→ **Dataset content**:

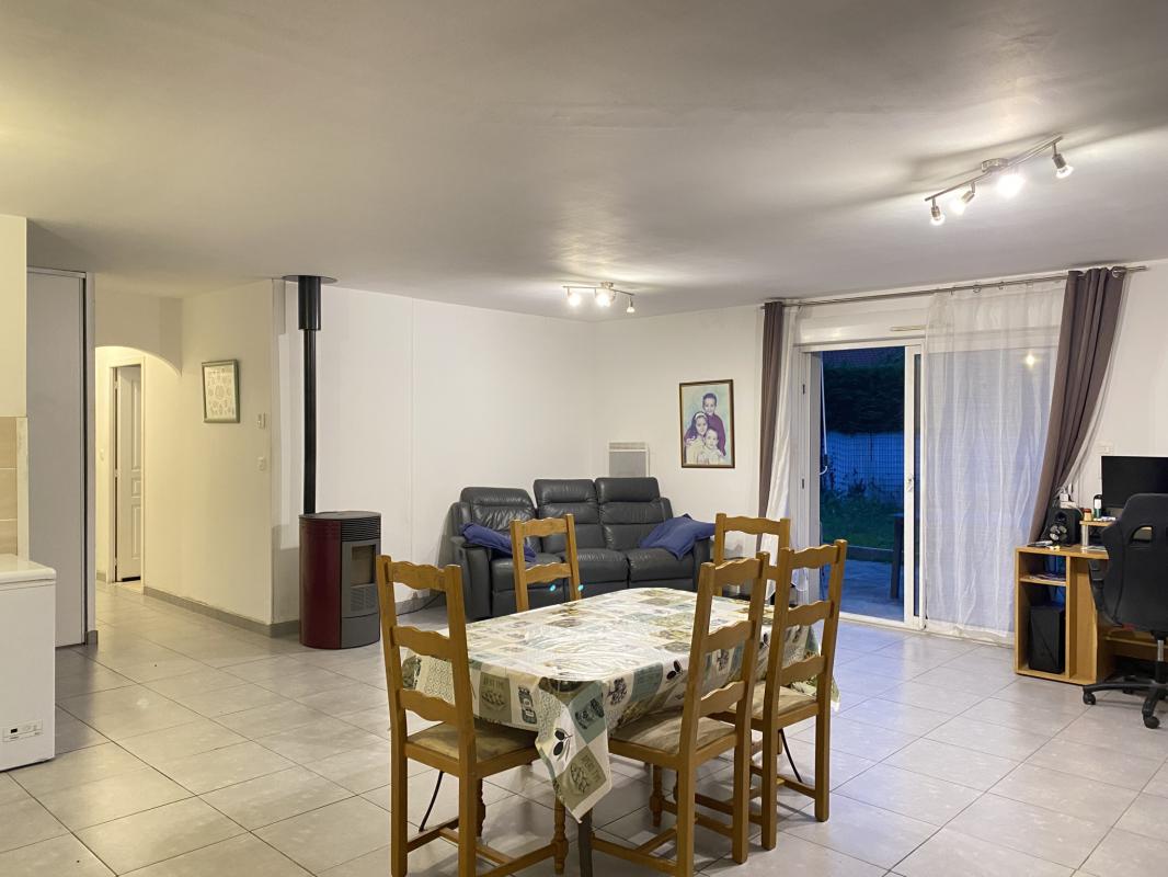 Dès l’entrée, vous serez séduit par la pièce de vie spacieuse et baignée de lumière, véritable coeur de la maison. Le séjour, agrémenté d’un poêle à granulés, crée une atmosphère chaleureuse, idéale pour les soirées d’hiver. De larges ouvertures laissent entrer la lumière naturelle et offrent un accès direct aux terrasses et au jardin.
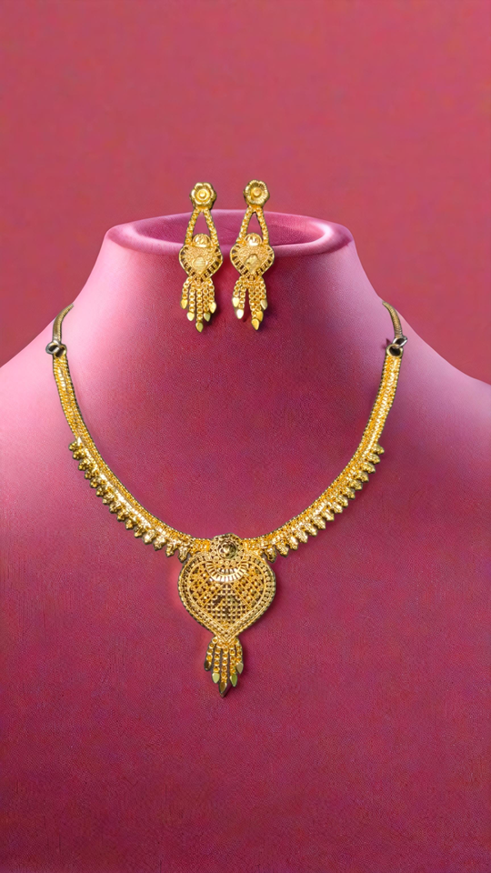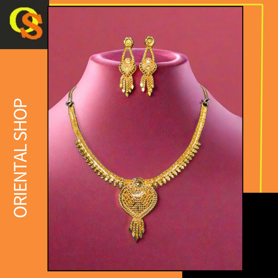 Prêt à Expédier Collier Boucles d'Oreilles Ensemble avec Plaqué Or 22K Unique Conçu Femmes Porter Collier Boucles D'oreilles Ensemble Bijoux
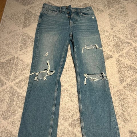 Myydään uudenveroiset sinertävät Primark housut/farkut. Koko 40. Vain sovitettu.

→ **About this task**: Will you repeat the material above, but only from the line containing "Prêt à Expédier" through its last line, exactly and without the pictures?

→ **Response area**:
 Prêt à Expédier Collier Boucles d'Oreilles Ensemble avec Plaqué Or 22K Unique Conçu Femmes Porter Collier Boucles D'oreilles Ensemble Bijoux
 Myydään uudenveroiset sinertävät Primark housut/farkut. Koko 40. Vain sovitettu.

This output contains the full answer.